Curating lists of online resources for deep dives into content research
We have been spending much of our time here at the Tarrant Institute exploring the idea of what engagement looks like in a learning environment where access to resources is ubiquitous, where learning can and does take place anytime, anywhere. That is why when Lisa Nielsen’s Learning without Teachers, Textbooks, or Tests – a Case Study, crossed my personal learning network (PLN), I perked up.
Don’t get me wrong, I have no interest in exploring a world with no teachers, but I could imagine one without the other two Ts in her title. I am interested in guiding others with robust examples of self-directed learning, or as Nielsen puts it, real-life learning ventures.
Modeling self-directed learning: a case study
She argues in her post:
When it comes to learning, we’ve come a long way. We no longer have to go to a person or place to learn. Static textbooks are looked upon with dread by 21st century learners. Outdated multiple choice assessments are seen as a waste of time. Real-world, meaningful tasks are preferred. But, what does it mean if we no longer need the traditional elements, teachers, textbooks, and tests, to learn? How might our learning structures change?
Nielsen shares with us details of her exploration into leading a vegan lifestyle.

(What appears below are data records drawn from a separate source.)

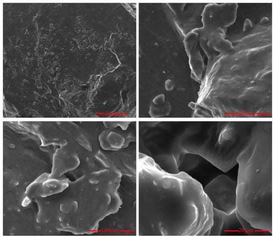 A scanning electron microscopy (SEM) image of a coal specimen is shown in Figure 5. In Figure 5, the coal mass almost lacks microcracks. Although the coal mass exhibits a large number of pore structures, its fracture development is not obvious and is pores are unconnected. Observing the pore structure of coal under high magnification revealed the absence of obvious fractures and the lack of pore convergence. The coal sample has low macroscopic permeability despite the presence of numerous pore structures. The mineralogical composition of coal mass is mainly aluminosilicate, such as quartz, kaolinite and white mica. The main chemical composition of the ashes is SiO2, Al2O3, CaO, Fe2O3, TiO2, MgO, K2O, Na2O, P2O5, SO3. Microscopic scanning is an effective means to observe the microstructure of coal. The microstructure has a decisive influence on the macroscopic parameters, such as strength and permeability of coal. When the fracture structure of coal body is densely distributed and the connection characteristics are obvious, the strength of coal body will be greatly reduced and the permeability will also be reduced. From the microscopic observation of coal in this test, we can see that the fracture structure of coal is not obvious. From the test results of composition analyses, the main component of coal is quartz, so it is also characterized by dense and hard. Therefore, the coal mass presents a tight and hard physical state at the macroscopic level, and we need to further analyze the mechanical characteristics through the experiment.
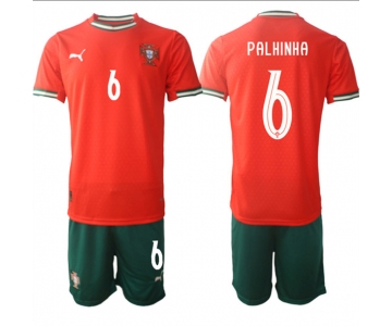 Men's Portugal Team #6 Joao Palhinha 2025 Red Home Soccer Jersey Suit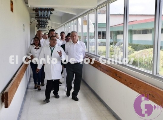 El presidente Andrés Manuel López Obrador recorrió el hospital inaugurado el 15 de junio de 1993, que atiende a una población adscrita de 19 mil 452 personas, cuenta con 30 camas censables y ocho camas no censables.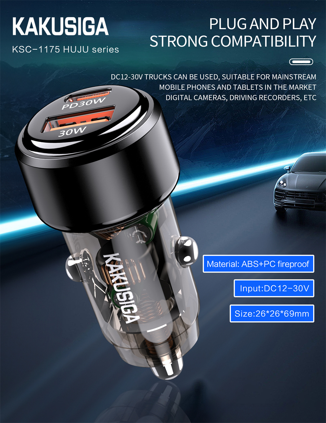 Tẩu sạc Ô tô trong suốt KAKU KSC-1175 (USB + Type C pd) – 60W Đặc điểm nổi bật – Thiết kế trong suốt có thể nhìn được vào Main bên trong – Chip thông
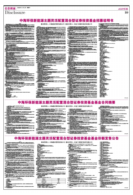 中海环保新能源主题灵活配置混合型证券投资基金基金份额发售公告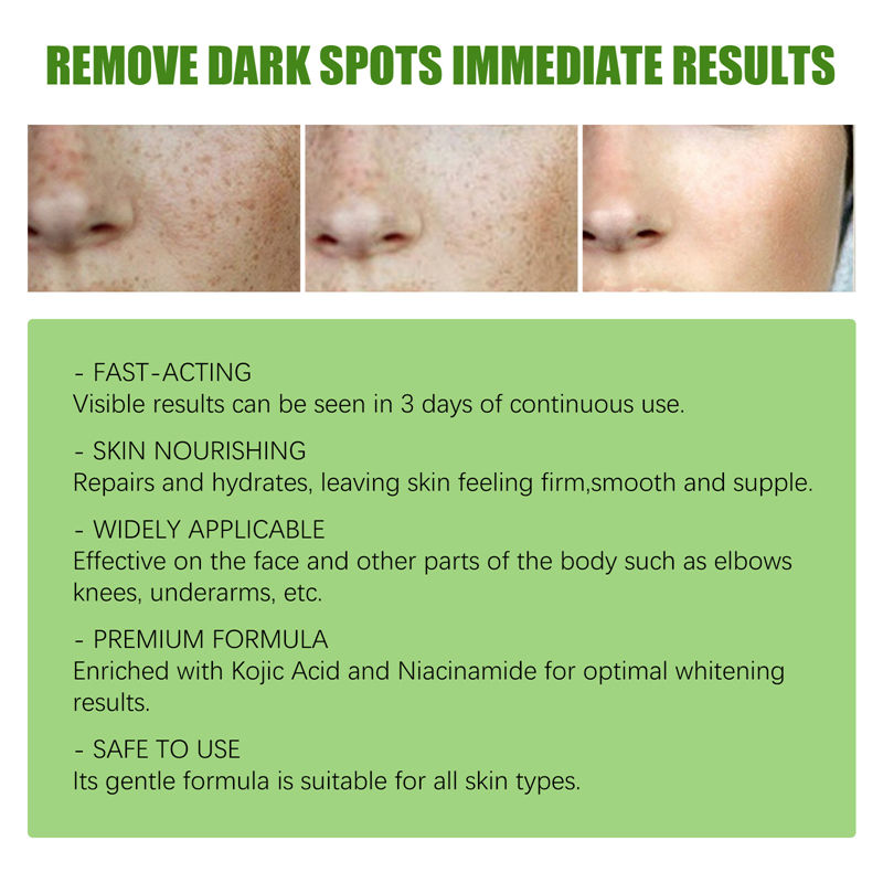 Ce qui peut être résolu:Tache de rousseur, tache radiante, taches de vieillesse, taches sombres, coup de soleil, tache de grossesse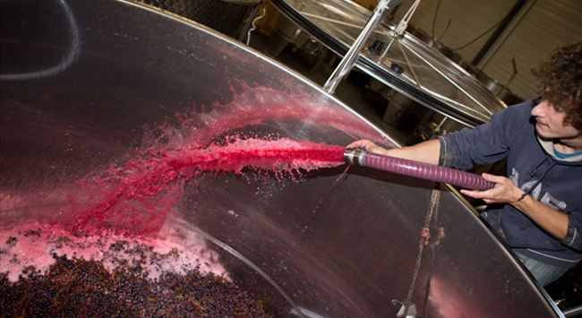 淋皮:利用泵將發酵中的葡萄汁從發酵罐底部抽至頂部往下淋,將酒帽淋透。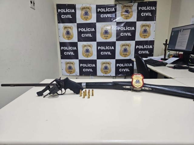 Diante da suspeita, a equipe policial se dirigiu ao imóvel dele, onde foram encontradas duas armas de fogo, sendo uma espingarda artesanal e outra garruncha artesanal.

To do so, she replaced outdated textbooks with blogs, websites, discussions — both online and face-to-face — videos, magazines, newspapers, and social media networks including Twitter and Facebook groups.
Her learning venture included connections with experts, hands-on cooking, and finally sharing her learning and reflections with a broader community of like-minded learners via a Pinterest board and Facebook postings.
The important point here is she created her own learning resources and network to explore an interest and challenges us to teach our students to become empowered, independent learners capable of the same deep dive now that we have ready access to such resources.
Other approaches
She is not alone in this challenge. Over at the Students at the Center Hub are clearly defined Teacher Competencies for personalized, learner-centered teaching.
Notice how one of the competencies echoes Nielsen’s charge. Teachers:
Contribute to learning environments that build students’ ability to engage in self-directed learning and emphasize opportunities for student voice and choice, such as their ability to co-design their own learning paths, self-assess and reflect, and provide constructive peer feedback.
And here in Vermont, Helen Beattie and the Up For Learning crew articulate in their Act 77 Overview (.pdf) teachers need to “co-create engaging learning opportunities, building upon their deep desire to nurture a love of learning within all students and be continuous learners themselves.”
If you haven’t yet gotten enough of this clarion call for educators to reimagine their roles in this ubiquitous world, Digital Promise articulates the same notion encouraging teachers to select learning strategies that help students develop the ability “to think, feel, and make decisions on one’s own and to guide one’s own learning through a variety of learning strategies that put students in the center of their learning and their lives.”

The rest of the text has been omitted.